Weapon degradation is the definition of non issue on Souls series with the exception of Dark Souls 2. You don't even notice it is there.
 
Because resource management is fun and adds depth to games.

Unfortunately, most games just require you do go to the blacksmith and hand over some money to repair your weapons. When a game used a near infinite resource to repair weapons, degradation can become pointless busy work. Especially if you run into blacksmiths frequently enough that weapons breaking is very unlikely. If a game has fast travel it can trivialize it even further, since you can go fix your weapons at any time.

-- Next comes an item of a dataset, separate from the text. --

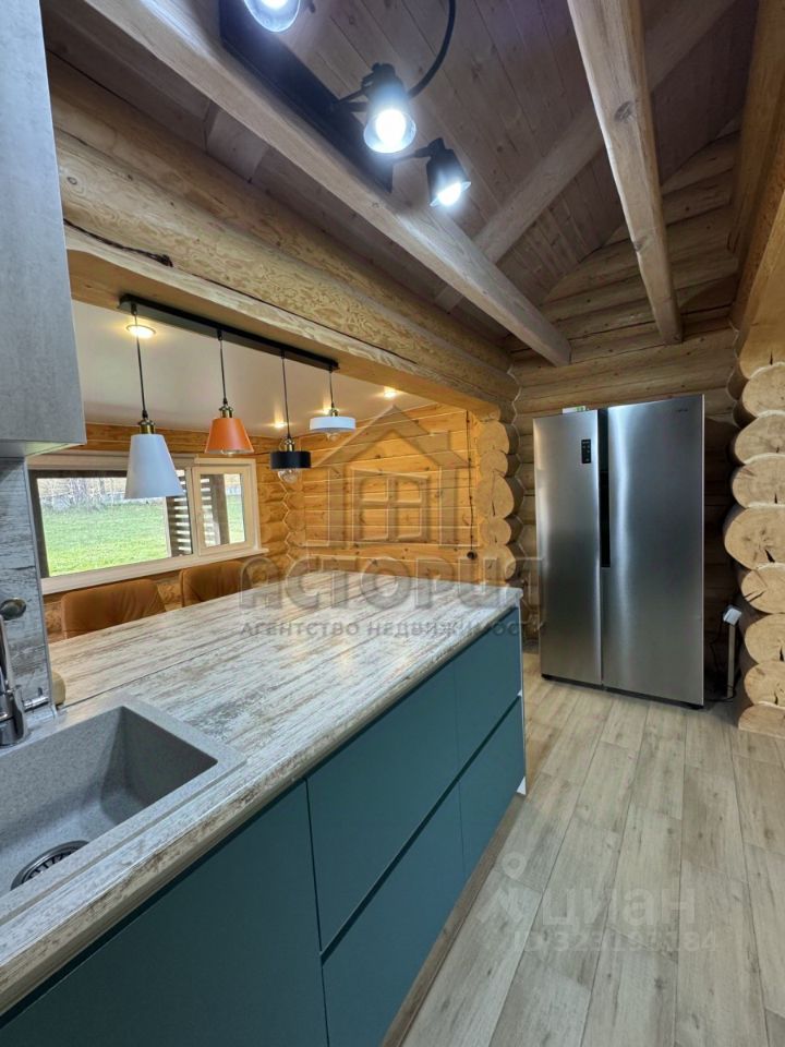 Продажа дома из бревна лиственницы, 2019 года постройки. Отличное место, не далеко от города. Район плодово-ягодной станции. Хвойный лес для прогулок в двух шагах от участка. Просторная и чистая улица. Все соседи живут на постоянной основе. До самого дома асфальтированная дорога. До города 1,5 км. и 2 минуты на авто. О доме: Дом два этажа, площадью 90 квадратов, теплый, уютный, светлый. Прекрасный микроклимат, пахнет деревом. На первом этаже расположена кухня-гостиная, прихожая и совмещенный санузел. На втором этаже большая спальня. Отопление электричеством (средний расход на электроэнергию 5 тыс. рублей в месяц), теплый пол. Скважина с питьевой водой (установлен фильтр), септик 6 кубов.

Games that use very limited resources to repair weapons are far better. It encourages active management and rotation of your weapons, and makes looting actually useful since there are resources you need to find.

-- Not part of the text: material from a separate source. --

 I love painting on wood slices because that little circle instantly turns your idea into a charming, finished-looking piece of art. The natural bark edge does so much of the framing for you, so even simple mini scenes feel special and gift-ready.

System Shock 2 is a good example, where repair kits are rare for the fist part of the game, but you can find way too many of them later on. Fallout 3 also had a pretty good implementation where you needed to find similar weapons to repair them. It's a damn shame F4 took it out in its mass "streamlining."
 
If it's a core part of the gameplay? Like Monster Hunter or Fire Emblem? I love it.

If it's just there cuz "lol fuck it", then "lol, fuck it."
 
System Shock 2 is a good example, where repair kits are rare for the fist part of the game, but you can find way too many of them later on.
Fallout 3 also had a pretty good implementation were you needed to find similar weapons to repair them. It's a damn shame F4 took it out in it's mass "streamlining."

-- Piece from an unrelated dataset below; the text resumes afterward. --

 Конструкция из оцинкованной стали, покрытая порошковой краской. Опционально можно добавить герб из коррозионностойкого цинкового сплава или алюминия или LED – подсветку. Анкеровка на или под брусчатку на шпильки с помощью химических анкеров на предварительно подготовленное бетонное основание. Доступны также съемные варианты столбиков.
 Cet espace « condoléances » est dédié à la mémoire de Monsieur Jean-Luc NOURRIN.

Eh, SS2 is one that needs an asterisk on it.

When the game first came out, the system was very balanced throughout the game. Unfortunately, it pissed a lot of people off and they patched it out a few months after launch. You can still go into the config files and change it back, though. Works much better as the system no longer seems like a reverse difficulty curve that it is in the version most people play.
 
Games usually handle this in one of two ways:
Either weapon degradation is so slow it's meaningless (see: Dark Souls)
Or it has meaning and is incredibly annoying. (See: Dead Island)

It could have meaning if a weapon is really something special in the game (in games like Day Z for exmaple) but otherwise it's just annoying. Either make it super meaningful, build the game around it, do something interesting with it or don't put it in there at all.

I like Dying Light, but what was the point of the weapon degradation? It just meant that I couldn't use a weapon I like after some time, but there were always hundreds of other weapons around, I just didn't like them that much. So what's the point?
 
Well, it's thematically appropriate in a Souls title, for example, where the entire game is things that are ancient and rotting and decaying away.

As for games that do it best, I...guess Monster Hunter? They don't break the actual weapon, they just do less damage and don't penetrate as well the more you use them and you have to use a grindstone on the weapon. Since the weapon bounces off of the enemy's hide because it's not sharp enough to pierce it or whatever after hammering it against scales for a while, it makes sense.

It would make sense in every game if we're going the logic route. Weapons degrade with use. Even modern ones. Doesn't really mean it translate well into a game element. Of course it depends on how they go about it. If it becomes a chore to keep up and drags down the experience then it needs to be implemented better. Thats why I need fast travel in my open world games.
 
That´s a good question OP. I fucking hate weapon degradation. It brings (bad) memories of playing Far Cry 2, for example. Not only did it make the weapons look ridiculous but also jamming every 10 seconds. Ugh.